まずは設備部だけで導入、わずか1年で売り上げ倍増

「カレンダー形式での案件管理、現場と社内とのやりとり、物件・会社名・顧客情報のひも付け。それらが全て、キントーンでできる。ならば、契約するしかない」。小田氏は2023年1月、設備部だけでキントーンを導入することを決断した。

 早速、案件管理アプリを作ってみたところ、ゲーム感覚で作成でき、元のExcelファイルをそのままアプリに移行できた。誰もが使いやすい案件管理アプリが簡単に完成。

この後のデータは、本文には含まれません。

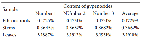 分光光度法測定絞股藍的皂苷含量分布。所有的樣品中葉片的皂苷含量最高(3.189%),在莖(0.365%)或者纖維根(0.172%)中皂苷含量比較低。
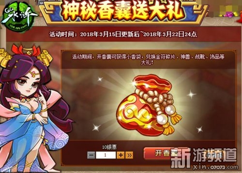 在3月15日至3月22日期間,《QQ水滸》開啟全新活動(dòng)“福星高照”,活動(dòng)期間隨機(jī)出現(xiàn)福星禮包,包含武將自選包、護(hù)甲穿透寶石、神獸、戰(zhàn)靴、飾品材料自選包等超值內(nèi)容,搶到就是賺到。同時(shí)游戲還上線“神秘香囊送大禮”活動(dòng),開香囊可獲得小香囊,兌換神裝、金符碎片、神獸,戰(zhàn)靴、飾品等珍貴道具,給你一個(gè)“中飽私囊”的機(jī)會(huì)。還有高回報(bào)、低風(fēng)險(xiǎn)“資源投資”活動(dòng)一齊開啟,給你更勁爆的福利回饋。

プラグイン「カレンダーplus」を導入することで、念願のカレンダー形式での案件管理も実現した。

 さらに、「現場の資料をメールで送ってほしい」という部員のリクエストにも対応。従来は電話を受けながら複数のファイルを開いて資料を探していたが、アプリ内のチャット機能(レコードのコメント欄)により、案件管理画面内で資料請求から送付まで完結できるようになった。

「現場に持参する必要のある資料について、アプリ内に添付ファイルフィールドを設置することで、全ての資料データを添付できるようになりました。点検時にはこのフィールドを見るだけで済み、書類のペーパーレス化に成功しました」(小田氏)

 その後、建物情報や顧客情報を管理できるマスターアプリも作成し、案件管理アプリとひも付け。必要な情報を全て一元的に確認できるようにした。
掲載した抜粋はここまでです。